例えば、お亡くなりになった方に、配偶者・子・両親がそれぞれいた場合には、配偶者と子のみが法定相続人になります。また、お亡くなりになった方に、配偶者・祖父母・兄弟がいた場合には、配偶者と祖父母のみが相続人になります。
第一順位 | 子 |
第二順位 | 直系尊属(両親、両親がいない場合は祖父母) |
第三順位 | 兄弟姉妹 |
そして、この法定相続人が相続できると決められた割合を、法定相続分といいます。法定相続分の割合は、次のとおりです。
配偶者と子 | 配偶者2分の1、子2分の1 |
配偶者と直系尊属(両親・祖父母など) | 配偶者3分の2、直系尊属3分の1 |
第三順位:配偶者と兄弟姉妹 | 配偶者4分の3、兄弟姉妹4分の1 |
上記の法定相続人、法定相続分の割合に、子や兄弟の人数をかけて、それぞれの具体的な法定相続分を計算します。法定相続人が誰かを間違えると、相続登記の手続き自体がやり直しになってしまう可能性が大きいので、間違いのないように計算しましょう。
遺言書を作成していないときには、法定相続分どおりに遺産分割を行うのが原則です。遺言書が存在するときは、遺言書の定めが法定相続分より優先します。そのため、遺産分割協議を行わない場合には、遺言書の通りに相続登記をする必要があります。
法定相続分通りに相続登記手続きを行った後に遺言書が見つかった場合には、その登記は初めから間違っていたことになり、正しいものに直す(=更正登記を申請する)ことが必要になります。
相続人の中に、特別受益や寄与分によって、法定相続分より多くの相続財産を得ることを主張する相続人がいる場合には、遺産分割協議による調整や、家庭裁判所への遺産分割調停の申し立てが必要になります。
また、令和2年4月1日の民法改正により、特別の寄与の制度が新設されました。相続人ではない親族(例えば、義理の両親の介護をしていた嫁)が、亡くなった方の看護等をしていた場合、その貢献に応じて一定の金銭を請求することができます。
この請求は、金銭の請求権に限られますので、相続不動産に対して権利を主張することはできません。

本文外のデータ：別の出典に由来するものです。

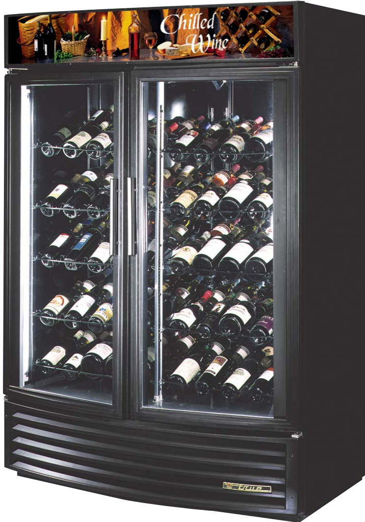
Pictured with two additional (optional) wine racks, in lieu of two standard wire shelves.

法定相続分で相続登記するときの相続登記申請書の書き方
相続登記(相続不動産の名義変更)を行うときには、相続登記申請書を作成して、法務局に提出する方法で行います。このとき、相続登記申請書は、決められた形式があるわけではなく、一般的なルールに基づいて、自分で作成して提出しなければなりません。
まずは、法定相続分で相続登記するときの、相続登記申請書の記載例について、書式・ひな形を示しながら、司法書士が解説していきます。まずは、相続人が妻子のみで、法定相続分にしたがって2分の1ずつ相続する場合の登記申請書をご覧ください。
不動産登記申請書
登記の目的 所有権移転
原 因 令和4年1月1日
相 続 人 (被相続人 相続太郎)
東京都中央区銀座一丁目1番地
相続花子 持分2分の1
東京都中央区銀座一丁目1番地
相続一郎 持分2分の1
連絡先の電話番号 XX-XXXX-XXXX
送付の方法により登記識別情報通知の交付を希望します。
送付先 申請人の住所
連絡先の電話番号 03-1234-5678
添付書類 登記原因情報 住所証明情報その他の事項
送付の方法により登記完了証の交付及び添付書類の原本還付を希望します。
送付先 申請人の住所
令和4年3月1日申請 東京法務局 御中
課税価格 金4,000,000円
登録免許税 金16,000円
不動産の表示
不動産番号 0100XXXXXXXXX
所 在 東京都中央区銀座一丁目
地 番 X番X
地 目 宅地
地 積 50.00㎡
登記の目的
登記の目的とは、その登記をする理由のことを意味します。そして、法定相続分で遺産分割する場合の相続登記の際には、登記の原因を「所有権移転」と記載します。このことは、いずれの続柄の法定相続人でも変わりません。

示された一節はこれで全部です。